**What to produce**
Return the lines below exactly, from the first one through the line that has "2、上孟获,大乔,玄女武将提供护甲和免伤增加整体阵容坦度。". Leave out everything after it.

^^^^

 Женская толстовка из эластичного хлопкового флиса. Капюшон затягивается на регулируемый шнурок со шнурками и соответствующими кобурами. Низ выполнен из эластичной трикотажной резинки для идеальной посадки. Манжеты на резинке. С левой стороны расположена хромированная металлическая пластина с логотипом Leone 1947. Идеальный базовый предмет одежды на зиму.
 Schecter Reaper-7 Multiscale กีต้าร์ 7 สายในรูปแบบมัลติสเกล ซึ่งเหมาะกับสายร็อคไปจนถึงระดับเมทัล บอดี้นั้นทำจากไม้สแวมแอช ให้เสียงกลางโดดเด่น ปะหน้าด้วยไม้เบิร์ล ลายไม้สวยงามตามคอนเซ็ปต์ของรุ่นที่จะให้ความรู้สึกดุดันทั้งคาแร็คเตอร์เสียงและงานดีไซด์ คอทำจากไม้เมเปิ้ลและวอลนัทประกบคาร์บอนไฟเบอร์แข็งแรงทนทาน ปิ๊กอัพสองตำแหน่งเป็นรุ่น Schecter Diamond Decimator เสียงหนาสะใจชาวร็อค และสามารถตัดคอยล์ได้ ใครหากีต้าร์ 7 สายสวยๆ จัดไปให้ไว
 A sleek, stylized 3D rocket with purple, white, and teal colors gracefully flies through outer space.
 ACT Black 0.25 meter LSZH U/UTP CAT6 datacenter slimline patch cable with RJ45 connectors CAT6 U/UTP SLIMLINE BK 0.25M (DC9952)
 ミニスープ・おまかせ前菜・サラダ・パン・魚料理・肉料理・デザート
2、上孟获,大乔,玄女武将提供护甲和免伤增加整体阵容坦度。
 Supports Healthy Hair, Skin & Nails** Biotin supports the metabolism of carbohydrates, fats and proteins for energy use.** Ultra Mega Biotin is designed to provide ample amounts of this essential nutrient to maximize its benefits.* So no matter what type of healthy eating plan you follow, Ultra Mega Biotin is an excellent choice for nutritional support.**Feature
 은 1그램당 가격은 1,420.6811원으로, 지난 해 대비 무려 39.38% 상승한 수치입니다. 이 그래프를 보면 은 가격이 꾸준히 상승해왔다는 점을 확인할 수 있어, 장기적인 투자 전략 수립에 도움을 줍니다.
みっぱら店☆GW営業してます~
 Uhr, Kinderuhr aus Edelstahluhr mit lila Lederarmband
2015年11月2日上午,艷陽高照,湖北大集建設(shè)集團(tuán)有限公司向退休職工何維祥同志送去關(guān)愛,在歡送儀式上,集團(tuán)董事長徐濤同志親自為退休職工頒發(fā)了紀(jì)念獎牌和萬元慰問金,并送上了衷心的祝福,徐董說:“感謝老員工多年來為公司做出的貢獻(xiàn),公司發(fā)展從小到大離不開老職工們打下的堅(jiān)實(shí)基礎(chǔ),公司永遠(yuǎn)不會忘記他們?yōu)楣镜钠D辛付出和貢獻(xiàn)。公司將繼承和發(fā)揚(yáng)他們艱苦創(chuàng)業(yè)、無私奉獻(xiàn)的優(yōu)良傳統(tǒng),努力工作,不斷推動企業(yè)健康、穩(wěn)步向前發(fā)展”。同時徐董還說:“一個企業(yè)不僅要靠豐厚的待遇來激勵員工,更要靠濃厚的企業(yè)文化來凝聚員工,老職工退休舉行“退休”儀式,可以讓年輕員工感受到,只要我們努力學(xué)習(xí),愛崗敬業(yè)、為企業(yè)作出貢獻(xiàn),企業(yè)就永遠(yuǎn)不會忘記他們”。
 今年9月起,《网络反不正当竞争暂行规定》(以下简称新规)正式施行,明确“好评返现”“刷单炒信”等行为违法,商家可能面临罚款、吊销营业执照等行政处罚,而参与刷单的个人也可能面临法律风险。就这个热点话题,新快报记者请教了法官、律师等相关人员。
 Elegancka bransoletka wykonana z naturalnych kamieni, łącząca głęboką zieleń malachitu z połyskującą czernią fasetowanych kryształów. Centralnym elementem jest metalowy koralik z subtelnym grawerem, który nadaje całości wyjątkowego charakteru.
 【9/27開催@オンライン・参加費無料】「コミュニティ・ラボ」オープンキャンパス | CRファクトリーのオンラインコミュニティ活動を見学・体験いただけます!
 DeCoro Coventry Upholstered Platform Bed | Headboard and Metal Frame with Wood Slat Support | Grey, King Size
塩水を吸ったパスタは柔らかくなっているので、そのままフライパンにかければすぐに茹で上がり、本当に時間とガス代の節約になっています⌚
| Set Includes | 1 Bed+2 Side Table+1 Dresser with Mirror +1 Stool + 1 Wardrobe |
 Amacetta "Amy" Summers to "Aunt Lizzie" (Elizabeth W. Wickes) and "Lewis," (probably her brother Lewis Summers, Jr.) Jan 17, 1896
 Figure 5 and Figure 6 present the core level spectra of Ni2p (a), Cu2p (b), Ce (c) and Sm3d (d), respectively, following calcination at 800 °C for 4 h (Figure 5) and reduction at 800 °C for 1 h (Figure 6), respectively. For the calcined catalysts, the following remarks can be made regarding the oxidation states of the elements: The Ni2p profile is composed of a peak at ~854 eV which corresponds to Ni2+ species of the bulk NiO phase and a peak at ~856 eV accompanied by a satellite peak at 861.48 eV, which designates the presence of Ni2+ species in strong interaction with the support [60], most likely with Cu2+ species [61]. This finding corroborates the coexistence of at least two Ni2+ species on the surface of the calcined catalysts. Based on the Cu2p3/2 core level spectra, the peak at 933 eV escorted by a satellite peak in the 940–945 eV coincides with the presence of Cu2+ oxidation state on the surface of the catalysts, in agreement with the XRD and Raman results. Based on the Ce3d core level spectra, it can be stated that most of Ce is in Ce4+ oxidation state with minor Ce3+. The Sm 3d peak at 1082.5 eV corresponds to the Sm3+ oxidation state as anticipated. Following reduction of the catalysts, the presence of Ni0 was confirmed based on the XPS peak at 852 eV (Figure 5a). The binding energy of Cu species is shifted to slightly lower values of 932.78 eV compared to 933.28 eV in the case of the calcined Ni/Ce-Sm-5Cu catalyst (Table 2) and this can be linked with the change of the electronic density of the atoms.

^^^^

**Exercise answer**
 Женская толстовка из эластичного хлопкового флиса. Капюшон затягивается на регулируемый шнурок со шнурками и соответствующими кобурами. Низ выполнен из эластичной трикотажной резинки для идеальной посадки. Манжеты на резинке. С левой стороны расположена хромированная металлическая пластина с логотипом Leone 1947. Идеальный базовый предмет одежды на зиму.
 Schecter Reaper-7 Multiscale กีต้าร์ 7 สายในรูปแบบมัลติสเกล ซึ่งเหมาะกับสายร็อคไปจนถึงระดับเมทัล บอดี้นั้นทำจากไม้สแวมแอช ให้เสียงกลางโดดเด่น ปะหน้าด้วยไม้เบิร์ล ลายไม้สวยงามตามคอนเซ็ปต์ของรุ่นที่จะให้ความรู้สึกดุดันทั้งคาแร็คเตอร์เสียงและงานดีไซด์ คอทำจากไม้เมเปิ้ลและวอลนัทประกบคาร์บอนไฟเบอร์แข็งแรงทนทาน ปิ๊กอัพสองตำแหน่งเป็นรุ่น Schecter Diamond Decimator เสียงหนาสะใจชาวร็อค และสามารถตัดคอยล์ได้ ใครหากีต้าร์ 7 สายสวยๆ จัดไปให้ไว
 A sleek, stylized 3D rocket with purple, white, and teal colors gracefully flies through outer space.
 ACT Black 0.25 meter LSZH U/UTP CAT6 datacenter slimline patch cable with RJ45 connectors CAT6 U/UTP SLIMLINE BK 0.25M (DC9952)
 ミニスープ・おまかせ前菜・サラダ・パン・魚料理・肉料理・デザート
2、上孟获,大乔,玄女武将提供护甲和免伤增加整体阵容坦度。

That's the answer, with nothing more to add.